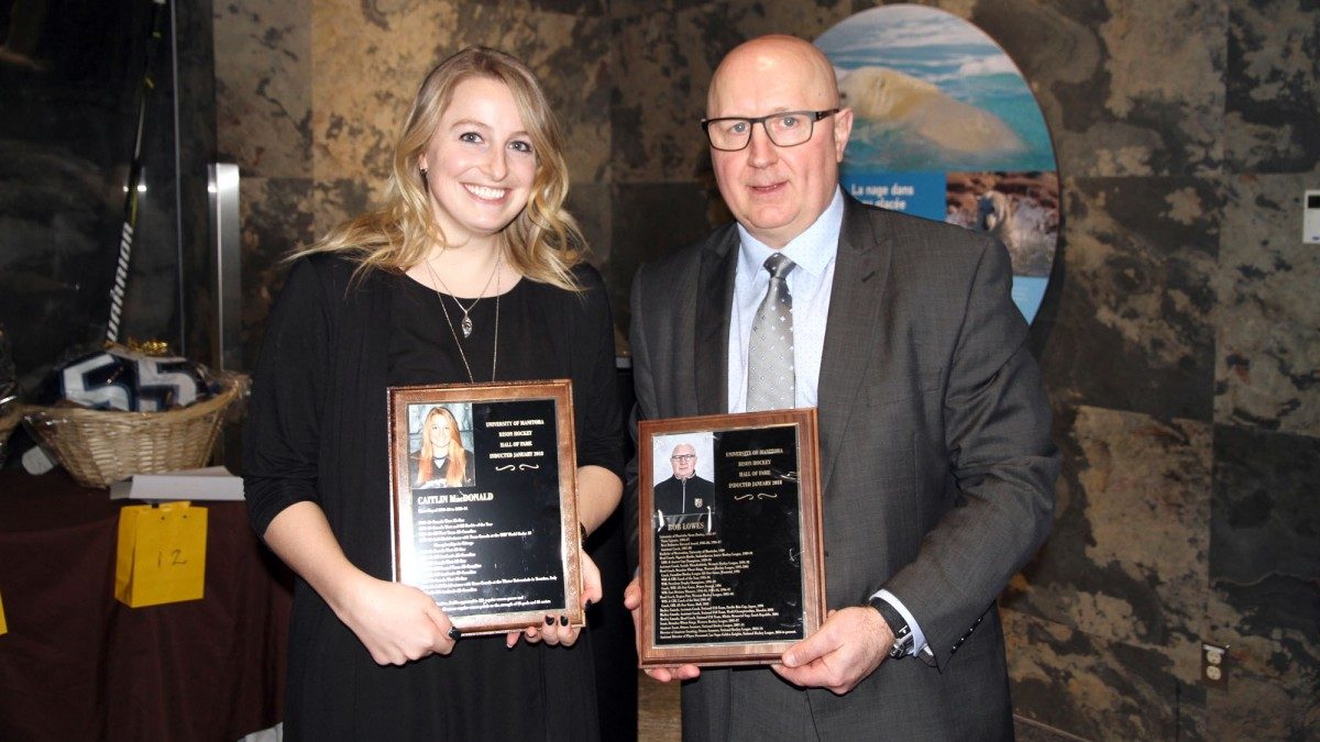 2018 Bison Hockey Hall of Fame Inductees: Caitlin McDonald (left), Bob Lowes (right).
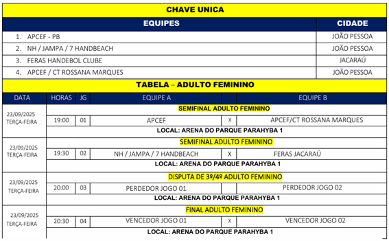 Para esta terça-feira (23) estão programadas as partidas decisivas do handebol de praia feminino, com jogos programados para a quadra que fica no Parque Parahyba I, no Bairro do Bessa, em João Pessoa-PB. Veja a programação:
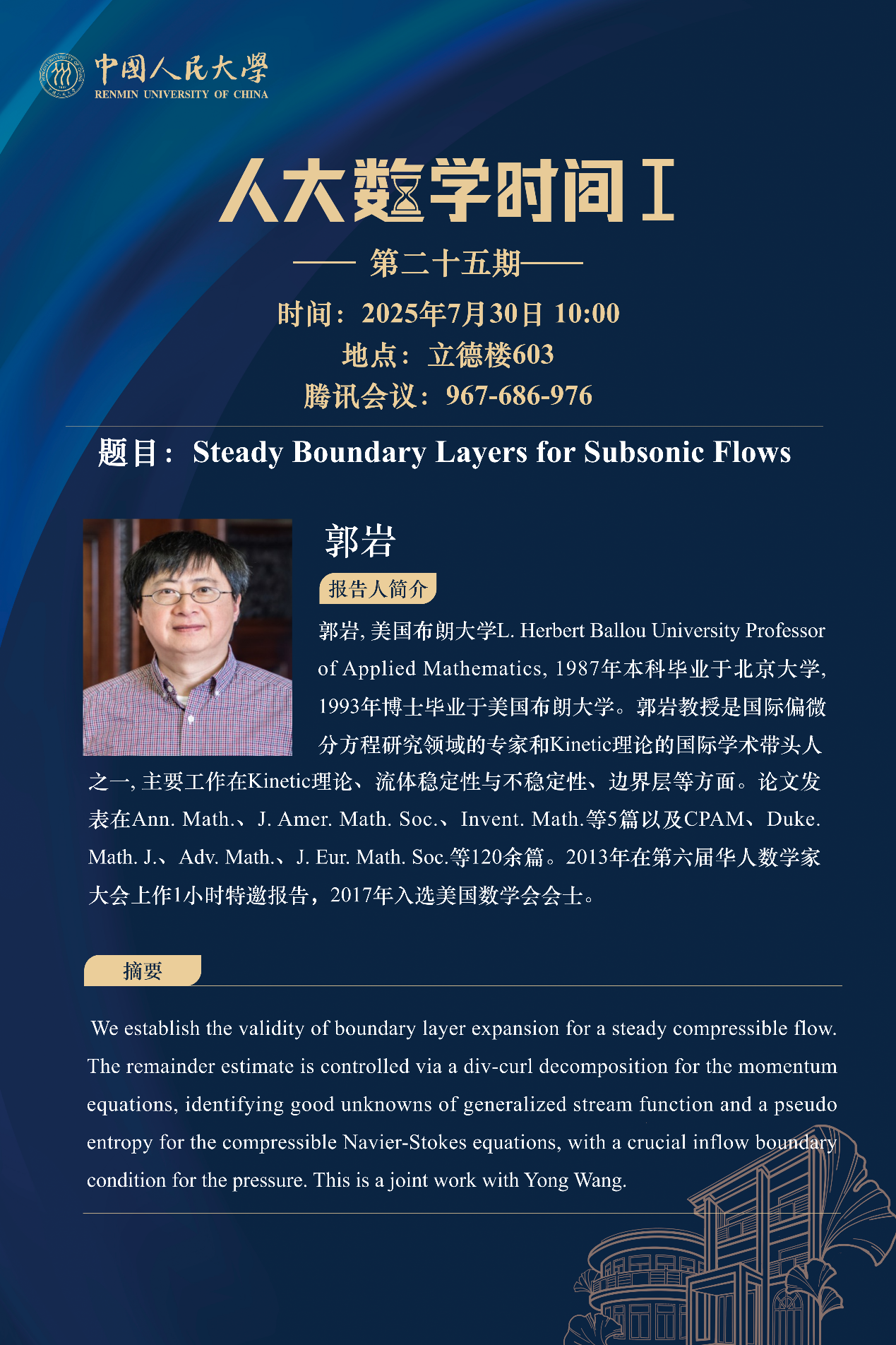 为促进学科交流融合、拓宽师生学术视野、释放科研创新活力,助力人大数学学科走向一流,yl23455永利集团设立“人大数学时间”,以专题研讨、高端学术论坛为载体,搭建数学思想充分碰撞、优秀人才不断涌流、创造活力竞相迸发的舞台。“人大数学时间”将持之以恒,久久为功,立志通过交流与创新、提出重大问题,引领数学学科及相关领域的创新与发展,成为对我国数学发展有贡献意义的平台。以下为“人大数学时间I”第二十五期信息:
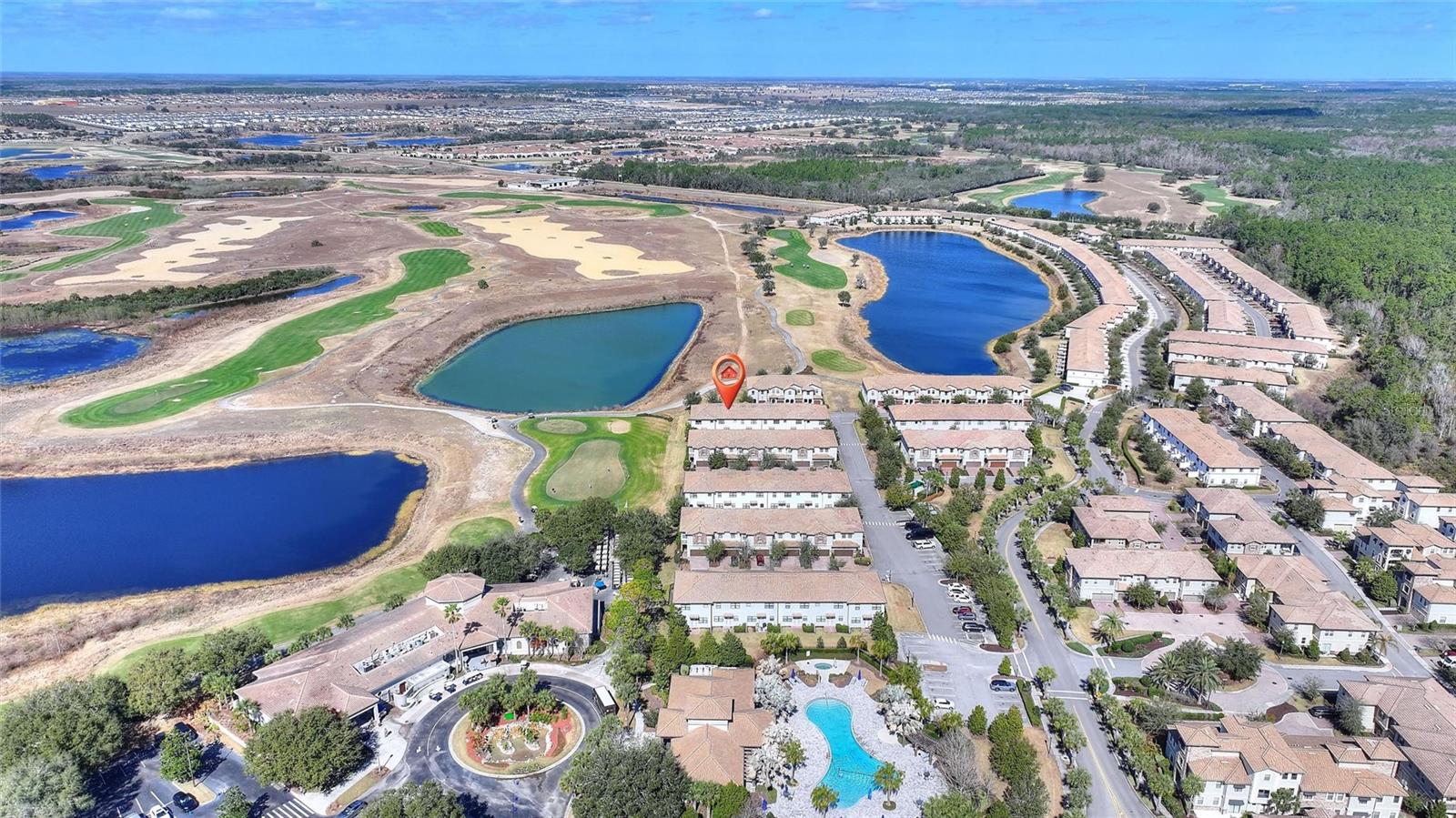 Live Like a Champion at The Vistas at ChampionsGate! Beautiful 3-bedroom, 2.5-bath, 1,912 sq. ft. two-story townhouse with 2-car garage and peaceful pond/golf course views. The first floor features a spacious open kitchen, dining, and living area, plus a powder room and beautiful paver patio, perfect for enjoying the outdoors. Upstairs includes all bedrooms, a laundry closet, and a primary suite with tray ceiling, walk-in closet, double vanities, soaking tub, and separate shower. Enjoy maintenance-free living and world-class amenities: The Oasis Club with lazy river, water slide, pools, spa, restaurant/bar, fitness center, movie theater, volleyball, and tennis. The nearby Vistas Clubhouse offers a heated pool, spa, saunas, golf simulator, game room, and fitness room. Located minutes from Disney, I-4, shopping, dining, and two Greg Norman–designed 18-hole golf courses.
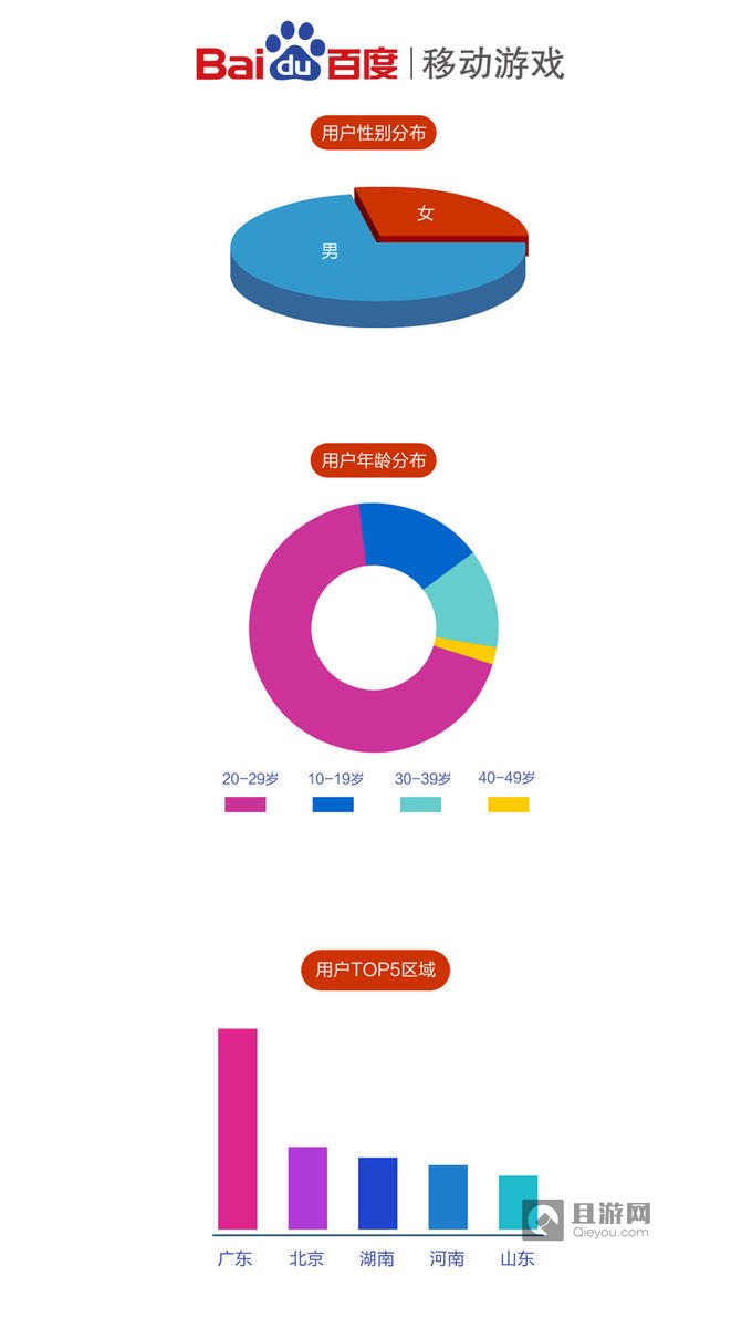 报告还展示了4月份平台用户的一些特征,数据显示,平台用户男女比例基本为7:3,女性用户潜力巨大,且已经展示出强大的活力,4月份新上线的《范冰冰:模范学院》成功跻身留存TOP10榜和玩家关注TOP10榜,与女性玩家不无关系。用户年龄方面,20岁-29岁仍为玩家主力人群。用户地域方面,广东、北京、湖南、河南、山东位居用户数量前五位。
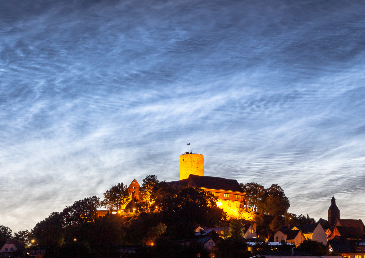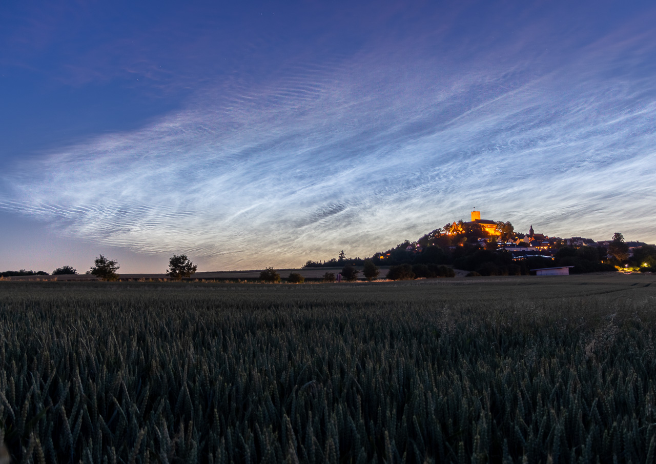 Leuchtende Nachtwolken (Noctilucent clouds / NLC) ber der Burg Gleiberg.Foto: Lars PetrickInstagram: lars.petrick
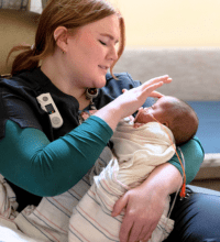 Erb can sing to infants as young as 28 weeks, though she doesn’t hold them or introduce light-touch techniques until about 32 weeks, since they’re still developing their senses during that time. Her role in the NICU becomes especially important when parents are unable to be at the infant’s bedside for a long period of time.
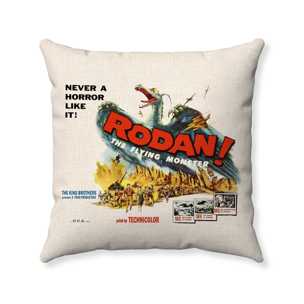Have a Godzilla movie monsters fan in your life? Our vintage Rodan Movie Poster pillow was made just for them! Long live the king! This pillow is the perfect Father's Day gift or even a thoughtful birthday present for your Movie Monsters (Kaiju) film buff. Great decor for a home theater, game room, den or anywhere in the home that needs a bit of nostalgia. The artwork on this pillow brings Rodan to life! This pillow is not available anywhere else, so you can be sure that you will have a unique piece of Godzilla movie monsters themed decor. Choose with or without black above and below the poster art. This iconic decorative throw pillow features a full color image of the iconic vintage Godzilla Destroy all Monsters movie poster. This amazing pillow has a hidden zipper closure. Features ------------ ✔️ 18 x18 Inch ✔️ Hidden Zippered ✔️ Polyester Linen ✔️ Insert Included Care Instructions ------------------------ ✔️ Machine wash cold with zipper closed 🤐 ✔️ Lay flat to dry. Iron on synthetic settings. Pillow Insert Installation ------------------------ ✔️ Insert Included - a 19 x 19 inch insert is included and installed with purchase.
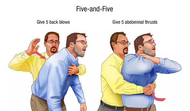 With the heel of your other hand give them five sharp back blows between their shoulder blades.
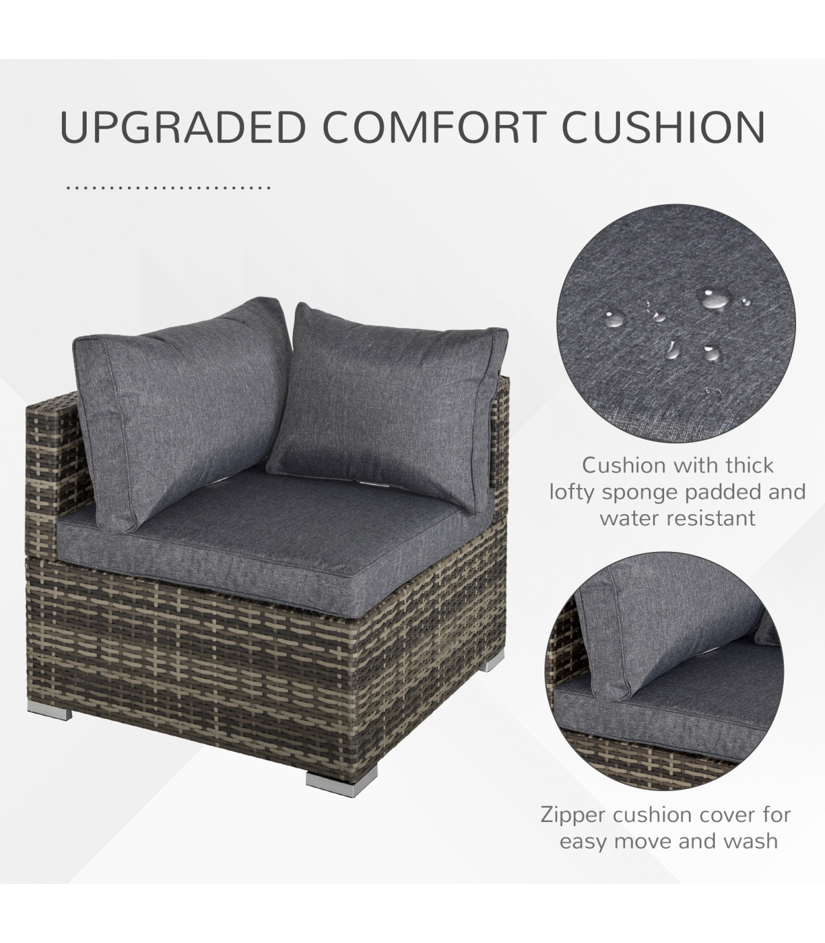 This modern rattan wicker coner sofa is design from Outsunny. It's made from rust-resistant galvanized metal frame with power coated, all hand weaving PE rattan wicker which is strong enough to withstand all weather conditions. With comfortable thick padded back-support cushions, cushion cover is removable and washable. Perfectly fit for different occasions, ideal suit for garden, balcony, patio, poolside, garden in your home.

================

* [Assignment]
In the listing above, find the line with "Leuchtende Nachtwolken (Noctilucent" and output every line through the one with "Erb can sing", exactly, without the pictures.

* [Exercise solution]
 Leuchtende Nachtwolken (Noctilucent clouds / NLC) ber der Burg Gleiberg.Foto: Lars PetrickInstagram: lars.petrick
 Erb can sing to infants as young as 28 weeks, though she doesn’t hold them or introduce light-touch techniques until about 32 weeks, since they’re still developing their senses during that time. Her role in the NICU becomes especially important when parents are unable to be at the infant’s bedside for a long period of time.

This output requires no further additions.